Константин Махров - Сердца первое волнение
Он швырнул конвертик в парту.
— Садитесь, Рябинов, — услышал он Валентину Яковлевну. — Вы путаете силу тока с напряжением. Если бы вы, пользуясь законом Фарадея, начали с определения силы тока, то пришли бы значительно раньше к правильному выводу.
— Как, как она сказала? — пораженный этим замечанием, чуть слышно воскликнул Борис. — Ведь я же… такую же допускаю ошибку.
Он начал делать все по-другому.
— Новиков, готовы? Пожалуйста, к доске.
— Прежде всего нам необходимо узнать, — начал он торопливо, выйдя к доске, — какова площадь медной пластинки. Это — самое важное, линия огня…
— Что?
— Простите… (Что это я? Обалдел!)
Щеки его пылали.
— Вы здоровы, Новиков?
— Странный вопрос! — возмутился Борис. — Конечно, здоров. Сердце, как дизель… (Зачем это я про сердце?) Количество электричества, отложившееся…
Он довел решение до конца.
— Садитесь. — Валентина Яковлевна снова оглядела Бориса, на этот раз весьма внимательно. — Садитесь. Что-то вы сегодня… В общем — четыре.
Он не слышал, что было еще на уроке, сидел, положив голову на руки, ничего не видя.
В перемену он услышал:
— Боренька! Светлый луч моего существования!

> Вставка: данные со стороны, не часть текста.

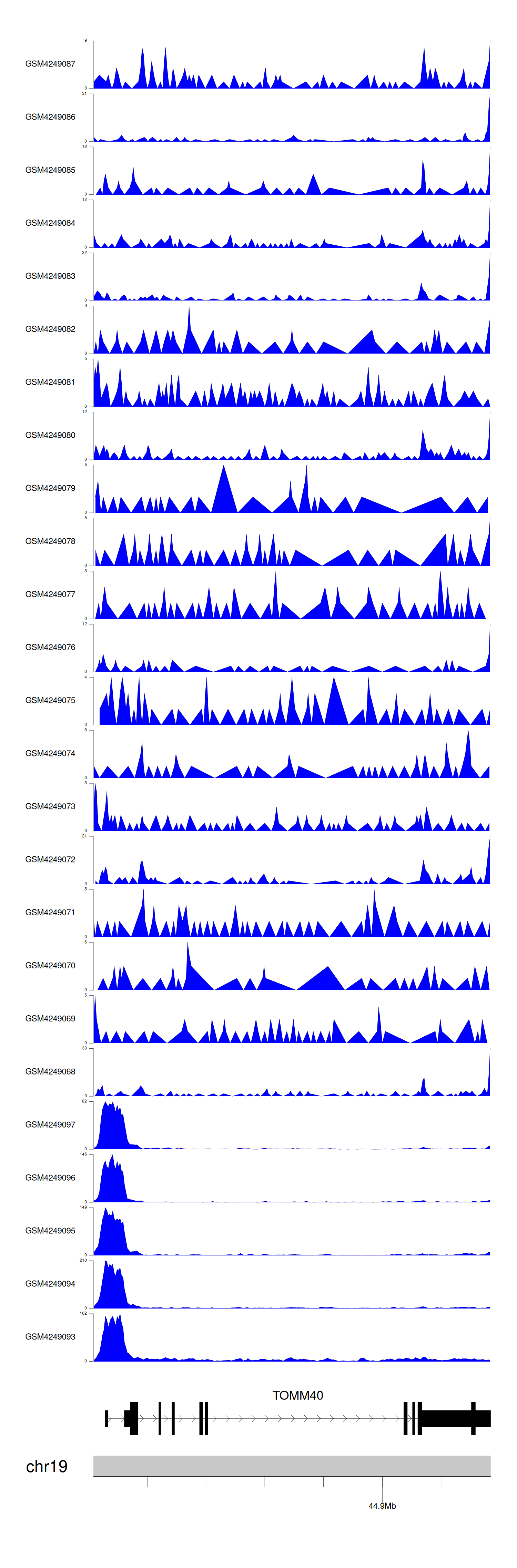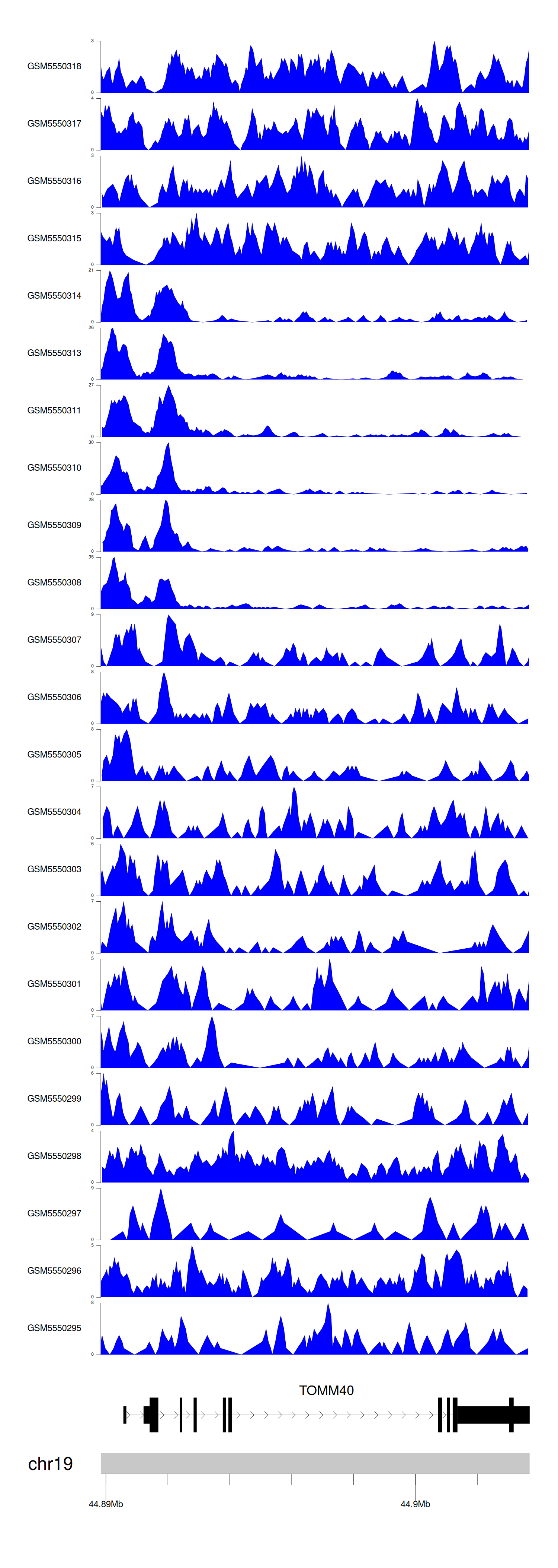> Dataset: GSE143026 - TOMM40 peak across samples
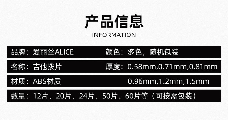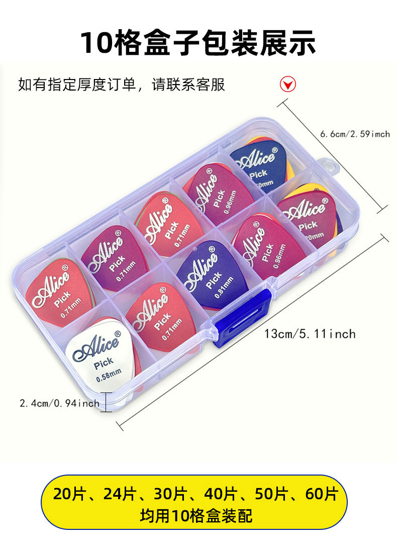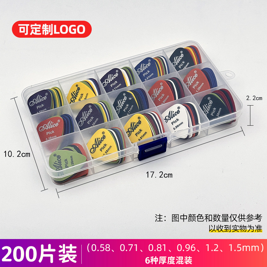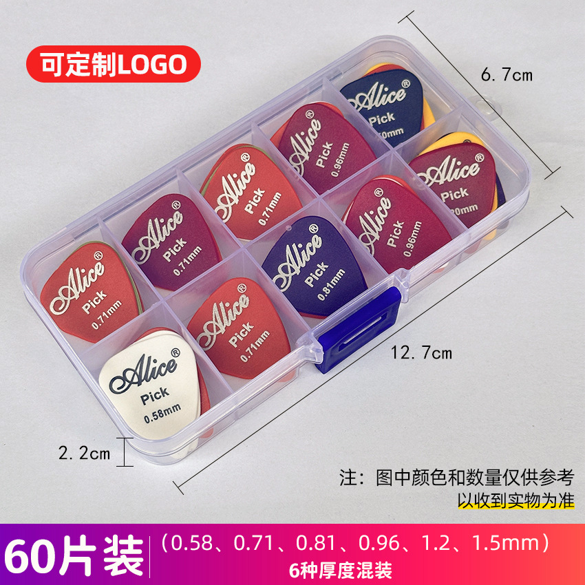 앨리스 기타 픽 ABS 수지 반투명/광택 플레이크 박스형 6개-600개 혼합 도매

Он почувствовал, как на плечо его легла рука Дины.
— Ты замечательно отвечал. Потрясающе!
И, нагнувшись к самому уху, она спросила озорно:
— Голубой конвертик… сыграл свою роль, да? А ты говорил!
— Конвертик? — вспомнил Борис. — Нет. Вон посмотри…
Дина кинулась к первой парте и достала из нее конверт.
Он был не распечатан.
Недоумевающая, со смутным чувством какой-то вины она подошла к Борису.
— Значит… — подняла она руку, чтобы потрогать колечки, — ты сам?
Он укладывал книги в портфель.
— Сам. Я, Дина, не могу… — ответил он. — Я… домой. Ты принеси мне… что зададут.
— Погоди… Зачем? Что с тобой? — не в шутку встревожилась Дина и прикоснулась к руке Бориса. Его рука была огненной.
— Борька, ты же… болен!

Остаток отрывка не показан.